In January the comic book club met to discuss a reissue of Misty, a British girl’s horror anthology which ran from the late 70s through to the early 80s. It was launched specifically as a girl’s equivalent to 2000 AD, employing some of the sci-fi comic’s best creatives including Pat Mills who provides one of the stories here.
Dan had coincidentally already bought this collection as a Christmas present for his partner B. She used to buy it as a child on holiday in the small Scottish village of Cullen, a dull place for a teenager, with just a chip shop, an ice cream parlour and a local store which blessedly stocked Misty. Cullen is exactly the sort of ordinary place you could imagine featuring in a Misty strip. It is a comic seething beneath the mundane surface with repressed evil.
He found it hard to read and couldn’t really get interested, but wondered whether this was partly to do with the original four page format which comes with a lot of inbuilt repetition and recapping.
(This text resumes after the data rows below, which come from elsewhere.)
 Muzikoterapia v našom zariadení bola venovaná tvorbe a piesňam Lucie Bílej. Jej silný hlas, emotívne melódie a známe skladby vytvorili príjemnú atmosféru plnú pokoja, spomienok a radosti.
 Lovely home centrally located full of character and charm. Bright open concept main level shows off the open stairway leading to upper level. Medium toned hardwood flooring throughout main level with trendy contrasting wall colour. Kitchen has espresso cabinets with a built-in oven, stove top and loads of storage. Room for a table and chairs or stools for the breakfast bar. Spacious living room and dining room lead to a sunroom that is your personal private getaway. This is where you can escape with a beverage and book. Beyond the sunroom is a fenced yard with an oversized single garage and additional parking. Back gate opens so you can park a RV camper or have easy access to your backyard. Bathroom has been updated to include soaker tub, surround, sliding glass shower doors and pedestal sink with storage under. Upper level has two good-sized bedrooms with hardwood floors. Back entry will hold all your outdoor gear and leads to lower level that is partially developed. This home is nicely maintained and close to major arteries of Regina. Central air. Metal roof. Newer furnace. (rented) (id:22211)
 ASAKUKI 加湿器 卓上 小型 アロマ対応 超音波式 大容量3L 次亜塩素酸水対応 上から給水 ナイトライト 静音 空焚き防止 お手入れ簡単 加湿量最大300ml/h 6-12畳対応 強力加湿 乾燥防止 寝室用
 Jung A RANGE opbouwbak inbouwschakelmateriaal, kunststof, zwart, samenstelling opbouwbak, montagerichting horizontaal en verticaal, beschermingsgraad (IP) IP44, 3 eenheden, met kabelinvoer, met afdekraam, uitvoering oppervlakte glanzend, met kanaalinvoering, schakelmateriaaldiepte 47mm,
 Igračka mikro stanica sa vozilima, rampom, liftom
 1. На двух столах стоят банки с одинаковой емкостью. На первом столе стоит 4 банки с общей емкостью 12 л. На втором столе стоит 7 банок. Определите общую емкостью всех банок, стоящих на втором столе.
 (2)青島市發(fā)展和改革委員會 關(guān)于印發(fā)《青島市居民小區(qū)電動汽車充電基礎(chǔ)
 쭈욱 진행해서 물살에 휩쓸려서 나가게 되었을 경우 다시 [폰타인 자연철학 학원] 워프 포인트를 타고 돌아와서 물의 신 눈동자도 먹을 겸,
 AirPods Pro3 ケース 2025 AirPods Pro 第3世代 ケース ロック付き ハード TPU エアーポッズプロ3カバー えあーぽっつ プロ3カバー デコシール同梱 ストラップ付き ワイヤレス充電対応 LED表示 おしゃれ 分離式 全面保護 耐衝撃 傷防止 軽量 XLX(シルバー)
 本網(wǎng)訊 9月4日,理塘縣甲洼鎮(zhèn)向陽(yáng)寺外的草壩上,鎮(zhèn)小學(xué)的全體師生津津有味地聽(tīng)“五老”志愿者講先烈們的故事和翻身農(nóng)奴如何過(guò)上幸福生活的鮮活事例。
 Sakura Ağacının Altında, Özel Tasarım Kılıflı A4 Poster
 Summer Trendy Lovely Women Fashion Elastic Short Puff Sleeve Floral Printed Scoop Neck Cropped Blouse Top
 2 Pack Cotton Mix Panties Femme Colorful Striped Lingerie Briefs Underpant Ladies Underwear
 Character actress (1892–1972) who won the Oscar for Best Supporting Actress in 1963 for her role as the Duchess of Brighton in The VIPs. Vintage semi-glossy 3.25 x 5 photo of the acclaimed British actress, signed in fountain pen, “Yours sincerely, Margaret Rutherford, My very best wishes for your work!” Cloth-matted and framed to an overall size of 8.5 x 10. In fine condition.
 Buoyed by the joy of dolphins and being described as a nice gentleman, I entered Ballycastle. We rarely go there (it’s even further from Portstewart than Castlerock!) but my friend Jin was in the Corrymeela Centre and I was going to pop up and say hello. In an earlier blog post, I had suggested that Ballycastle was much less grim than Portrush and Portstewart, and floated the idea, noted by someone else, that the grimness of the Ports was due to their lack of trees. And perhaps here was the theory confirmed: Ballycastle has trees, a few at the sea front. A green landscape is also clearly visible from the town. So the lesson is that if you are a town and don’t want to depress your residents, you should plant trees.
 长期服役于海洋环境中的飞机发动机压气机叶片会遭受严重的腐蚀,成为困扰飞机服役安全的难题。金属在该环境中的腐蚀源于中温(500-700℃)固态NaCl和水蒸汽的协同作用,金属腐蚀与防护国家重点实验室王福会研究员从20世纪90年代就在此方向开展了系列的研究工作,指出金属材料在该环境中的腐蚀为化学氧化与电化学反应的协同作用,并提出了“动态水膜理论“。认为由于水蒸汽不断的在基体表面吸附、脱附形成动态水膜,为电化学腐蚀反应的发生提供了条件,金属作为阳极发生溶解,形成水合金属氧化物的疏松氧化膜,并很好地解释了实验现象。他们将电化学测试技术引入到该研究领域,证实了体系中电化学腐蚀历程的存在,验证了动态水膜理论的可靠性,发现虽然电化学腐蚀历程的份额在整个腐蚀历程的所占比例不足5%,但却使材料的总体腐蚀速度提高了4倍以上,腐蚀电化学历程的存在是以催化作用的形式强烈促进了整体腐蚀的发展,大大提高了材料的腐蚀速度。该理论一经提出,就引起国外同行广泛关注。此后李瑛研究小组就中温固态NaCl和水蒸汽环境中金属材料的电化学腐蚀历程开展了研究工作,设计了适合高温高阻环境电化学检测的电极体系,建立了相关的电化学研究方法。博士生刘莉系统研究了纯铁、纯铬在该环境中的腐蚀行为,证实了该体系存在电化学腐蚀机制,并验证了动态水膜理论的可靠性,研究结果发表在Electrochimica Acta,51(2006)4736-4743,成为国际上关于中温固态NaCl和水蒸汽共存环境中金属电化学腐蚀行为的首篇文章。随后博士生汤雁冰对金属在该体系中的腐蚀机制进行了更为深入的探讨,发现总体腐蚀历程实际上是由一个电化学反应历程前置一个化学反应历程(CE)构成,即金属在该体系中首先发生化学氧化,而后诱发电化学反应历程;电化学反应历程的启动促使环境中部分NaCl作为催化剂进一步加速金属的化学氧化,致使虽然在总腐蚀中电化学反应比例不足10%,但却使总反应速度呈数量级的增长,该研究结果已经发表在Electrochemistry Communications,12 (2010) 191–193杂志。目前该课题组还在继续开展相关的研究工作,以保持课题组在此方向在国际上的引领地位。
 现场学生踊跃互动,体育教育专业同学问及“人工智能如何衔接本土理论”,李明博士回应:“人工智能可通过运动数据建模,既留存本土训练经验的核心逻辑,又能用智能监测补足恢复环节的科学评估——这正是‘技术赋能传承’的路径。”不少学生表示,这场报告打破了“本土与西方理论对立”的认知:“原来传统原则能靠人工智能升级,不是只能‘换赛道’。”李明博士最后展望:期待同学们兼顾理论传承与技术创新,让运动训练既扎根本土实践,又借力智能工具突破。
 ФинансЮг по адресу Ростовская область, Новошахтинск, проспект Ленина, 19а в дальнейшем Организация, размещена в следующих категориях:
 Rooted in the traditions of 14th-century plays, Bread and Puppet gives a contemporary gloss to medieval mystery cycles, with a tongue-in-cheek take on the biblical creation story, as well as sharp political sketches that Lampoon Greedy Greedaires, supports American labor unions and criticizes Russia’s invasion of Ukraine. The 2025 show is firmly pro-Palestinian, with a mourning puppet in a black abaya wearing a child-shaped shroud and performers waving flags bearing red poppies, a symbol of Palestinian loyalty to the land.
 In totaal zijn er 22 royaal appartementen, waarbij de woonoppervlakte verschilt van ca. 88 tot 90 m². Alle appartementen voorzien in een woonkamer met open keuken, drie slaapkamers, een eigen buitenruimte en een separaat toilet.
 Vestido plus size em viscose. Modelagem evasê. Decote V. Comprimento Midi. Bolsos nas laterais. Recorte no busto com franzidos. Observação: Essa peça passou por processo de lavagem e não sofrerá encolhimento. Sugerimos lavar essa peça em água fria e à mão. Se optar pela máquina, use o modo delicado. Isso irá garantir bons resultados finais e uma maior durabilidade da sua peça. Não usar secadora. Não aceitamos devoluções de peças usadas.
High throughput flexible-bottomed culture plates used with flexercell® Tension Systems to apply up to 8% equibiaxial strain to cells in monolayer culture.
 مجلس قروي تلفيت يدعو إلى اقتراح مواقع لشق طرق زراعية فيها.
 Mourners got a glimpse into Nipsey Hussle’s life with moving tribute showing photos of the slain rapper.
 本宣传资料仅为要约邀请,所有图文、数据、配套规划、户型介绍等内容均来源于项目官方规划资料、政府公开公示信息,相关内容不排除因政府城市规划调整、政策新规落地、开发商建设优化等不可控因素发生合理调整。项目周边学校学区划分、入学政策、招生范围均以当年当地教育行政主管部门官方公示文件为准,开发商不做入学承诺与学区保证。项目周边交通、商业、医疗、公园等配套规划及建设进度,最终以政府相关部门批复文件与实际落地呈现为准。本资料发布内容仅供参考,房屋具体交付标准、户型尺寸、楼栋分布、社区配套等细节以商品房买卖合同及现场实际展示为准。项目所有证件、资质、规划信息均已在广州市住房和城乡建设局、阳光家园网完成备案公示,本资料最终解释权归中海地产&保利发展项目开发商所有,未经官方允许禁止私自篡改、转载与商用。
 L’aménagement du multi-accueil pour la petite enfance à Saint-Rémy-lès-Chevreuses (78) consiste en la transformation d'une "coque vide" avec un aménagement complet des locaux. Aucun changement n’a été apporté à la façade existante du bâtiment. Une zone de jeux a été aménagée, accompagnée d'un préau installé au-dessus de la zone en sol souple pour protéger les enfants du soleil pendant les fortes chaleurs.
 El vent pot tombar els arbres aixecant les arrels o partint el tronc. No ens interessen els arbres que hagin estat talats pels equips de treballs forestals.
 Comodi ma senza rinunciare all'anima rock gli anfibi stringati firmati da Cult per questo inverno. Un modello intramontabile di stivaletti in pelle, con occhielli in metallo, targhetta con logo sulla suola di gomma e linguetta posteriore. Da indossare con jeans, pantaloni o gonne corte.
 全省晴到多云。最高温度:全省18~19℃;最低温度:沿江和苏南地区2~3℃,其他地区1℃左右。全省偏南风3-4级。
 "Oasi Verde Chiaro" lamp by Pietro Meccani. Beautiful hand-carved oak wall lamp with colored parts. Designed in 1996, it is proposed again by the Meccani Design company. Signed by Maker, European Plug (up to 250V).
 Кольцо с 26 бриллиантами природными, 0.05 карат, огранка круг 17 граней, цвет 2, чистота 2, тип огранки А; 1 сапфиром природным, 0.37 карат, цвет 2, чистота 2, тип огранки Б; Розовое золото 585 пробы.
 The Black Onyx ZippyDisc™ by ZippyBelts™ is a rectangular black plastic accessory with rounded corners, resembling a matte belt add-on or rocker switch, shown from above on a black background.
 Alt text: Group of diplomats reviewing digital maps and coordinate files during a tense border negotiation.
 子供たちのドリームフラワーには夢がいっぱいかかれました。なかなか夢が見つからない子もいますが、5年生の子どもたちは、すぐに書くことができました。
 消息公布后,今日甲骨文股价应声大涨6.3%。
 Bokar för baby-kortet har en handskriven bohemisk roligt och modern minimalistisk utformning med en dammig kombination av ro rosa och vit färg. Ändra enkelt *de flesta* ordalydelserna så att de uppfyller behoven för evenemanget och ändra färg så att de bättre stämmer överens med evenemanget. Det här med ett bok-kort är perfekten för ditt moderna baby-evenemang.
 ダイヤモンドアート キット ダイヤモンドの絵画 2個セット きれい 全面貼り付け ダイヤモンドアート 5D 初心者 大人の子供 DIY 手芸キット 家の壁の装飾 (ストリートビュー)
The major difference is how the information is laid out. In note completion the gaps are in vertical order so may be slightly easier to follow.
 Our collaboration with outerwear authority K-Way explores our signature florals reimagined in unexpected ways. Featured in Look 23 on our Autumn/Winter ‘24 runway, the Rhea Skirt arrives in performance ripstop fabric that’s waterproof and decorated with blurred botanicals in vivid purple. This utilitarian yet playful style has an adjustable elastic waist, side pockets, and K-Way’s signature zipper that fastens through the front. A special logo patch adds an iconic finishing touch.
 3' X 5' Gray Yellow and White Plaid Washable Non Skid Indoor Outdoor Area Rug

He hated the artwork which he described as ‘butt ugly and revolting.’ Dan can always be relied on to deliver good insulting adjectives.
As a read he ‘didn’t expect to enjoy it and didn’t’. Two stars.
Kelvin found it easy to read and really enjoyed it. He liked the central female characters, calling them ‘odd’ and ‘earnest’.
Taking on Dan’s usual job as font policeman, Kelv took issue with the lettering and its weird angular bubbles – a big stumbling block for me as well. It is certainly very different from the current standard. Kelvin described it as ‘sub optimal’.
It was three stars from Kelv – ‘I liked it a bit more than Dan.’
Tom is a big 2000AD fan, and knew about their publisher Rebellion’s acquisition of Misty and other British comics from the period. He wasn’t intending to read this one however and raised the interesting question which hangs over any gender specific publication, querying whether it was ‘for him’? For that reason he would normally steer clear of something like Misty, but was glad he hadn’t this time.
I wondered whether Misty would chime with a young, contemporary female audience? In the US, comics which appeal to girls have come on in leaps and bounds in recent years thanks to the likes of Ms. Marvel, Squirrel Girl and Moon Girl; heroes with attitude and a definite sense of fun. Salamander Girl and her moody, melodramatic ilk are notably absent from their ranks.
In the UK, which currently has precisely zero mainstream comics specifically aimed at girls (correct me if I’m wrong), there might still be a market for an updated version of this sort of thing amongster readers of Young Adult fiction. I could easily imagine a YA book being published featuring an outsider girl struggling to deal with her latent psychic powers.Why not give them some cool, beautiful comics too? Comics for everyone.
One thing I don’t think you’d get away with in such a publication today is employing an almost exclusively male creative team as they did on Bunty. The notable exception here is Shirley Bellwood, a stalwart of British girl’s comics who created many of the superb covers featuring the alluring, yet mysterious ‘Misty’. The character, rather fabulously, was based on Shirley herself as a young woman.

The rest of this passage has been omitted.